Epidemiology of DKD:

Diabetes affects 536.6 million adults (10.5%) aged 20-79 years globally ¹⁴ and represents a worldwide health burden that is only worsening in severity. Global diabetes-related costs were estimated to be 966 billion USD in 2021 and projections estimate an increase to 1,054 billion USD by 2045 ¹⁴. DKD-associated complications contribute largely to the morbidity and mortality attributed to diabetes and the health-related costs. In 2019, there were 2.62 million incident cases of chronic kidney disease secondary to diabetes worldwide with a prevalence of 134.58 million affected individuals who experienced 13.09 million disability-adjusted life years and 405.99 thousand deaths ¹⁵. The societal impact of DKD continues to rise exponentially and presents an economic and humanistic burden to both youth and adults with diabetes, particularly as the average age of diabetes onset gradually declines. In the Treatment Options for Type 2 Diabetes in Adolescents and Youth Follow-Up Study (TODAY2), the 15-year cumulative incidence of DKD was >50% ^12,16-19, a sobering statistic as DKD represents a severe and chronic health issue that has the potential to adversely impact an individual’s ability to live a productive and fulfilling life. Notably, DKD appears to differentially affect racial and ethnic minority populations and individuals from low to middle-income countries ¹⁵.
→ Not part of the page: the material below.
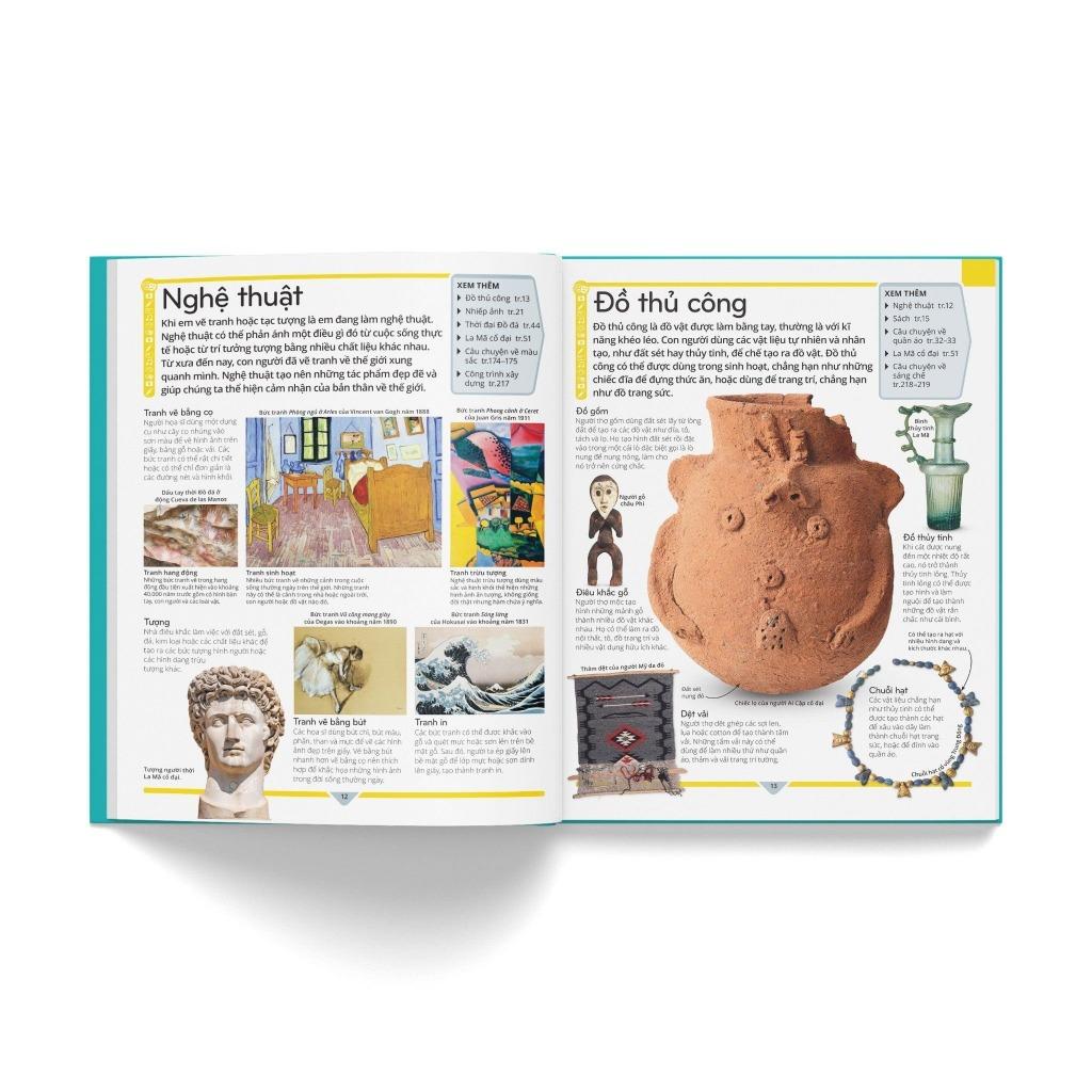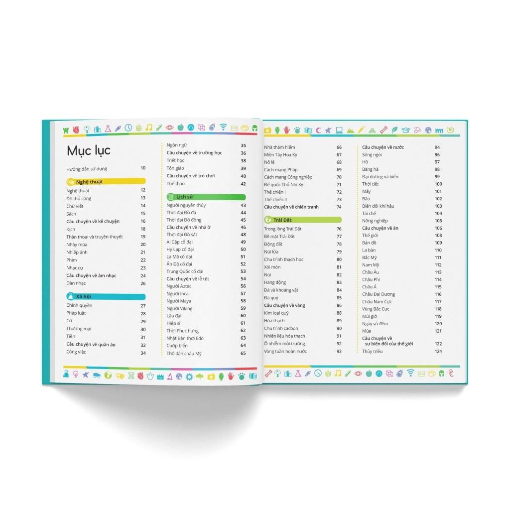 Luôn nằm trong top sách bán chạy và được cập nhật kiến thức mới nhất, Bách khoa thư trẻ em – Cuốn sách lí giải vạn vật có lối trình bày mạch lạc, khoa học, là cuốn sách thiết yếu cho mọi tủ sách thiếu nhi. Mở đầu, phần “Hướng dẫn sử dụng” sẽ khái quát cuốn sách cũng như giúp các bạn đọc nhỏ tuổi thuận tiện trong việc đọc và tra cứu. Tiếp đó, nội dung được chia thành chín lĩnh vực gồm nhiều chủ đề, mỗi chủ đề gói gọn trong một trang đơn. Chẳng hạn, lĩnh vực Công nghệ nói về cách hoạt động của máy bay, ; lĩnh vực Vũ trụ giải thích hố đen là gì, ngôi sao hình thành và chết đi ra sao… Xen kẽ là các trang đôi diễn giải một chủ đề theo tư duy liên kết giữa các lĩnh vực, như “Câu chuyện về mật mã” thuật lại lịch sử của mật mã (ra đời, phát triển…) và cách sử dụng mật mã Mỗi trang cũng có ô “Xem thêm” liệt kê các chủ đề liên quan với chủ đề đang đề cập. Cuối sách là phụ lục gồm danh sách các nhà khoa học, cây sự sống, bản đồ thế giới… Đặc biệt, phiên bản tiếng Việt này còn có danh sách các quân chủ và triều đại Việt Nam. Sau cùng là phần “Từ vựng” giải nghĩa từ khó và “Chỉ mục” để tra cứu các chủ đề.

Prevalence of DKD in T1D vs. T2D:

DKD is consistently more aggressive in youth-onset T2D than T1D ^20-24. However, whether this is secondary to an inherent difference in the progression of disease or other predisposing factors such as concurrent metabolic and/or vascular complications, a longer duration of diabetes, or a delay in diagnosis resulting in a prolonged period of hyperglycemia before diagnosis of T2D is unknown. The SEARCH for Diabetes in Youth study (SEARCH), a large, multi-center study involving youth diagnosed with either T1D (n=1,746) or T2D (n=272) before the age of 20 years and with a mean diabetes duration of 7.9 years, has demonstrated a significantly higher prevalence of DKD, as defined by either an estimated glomerular filtration rate ≤60 mL/min/1.73 m² or a first morning urine albumin-to-creatinine ratio ≥30 mg/g, in youth with T2D (20%) than youth with T1D (6%) ⁸. While youth with T2D exhibited higher rates of other vascular complications including retinopathy, peripheral neuropathy, hypertension, and arterial stiffness in addition to DKD, when compared to youth with T1D, the odds of developing DKD in individuals with T2D were almost triple that seen in people with T1D, even after multivariable adjustment for age, sex, duration of time from diabetes diagnosis to onset of diabetes-related complication, clinical site, and body mass index ⁸. These findings suggest an inherent difference in the underlying mechanisms of DKD between T2D and T1D and warrants further study to help tailor future treatment strategies to mitigate the progression of chronic kidney disease in T2D.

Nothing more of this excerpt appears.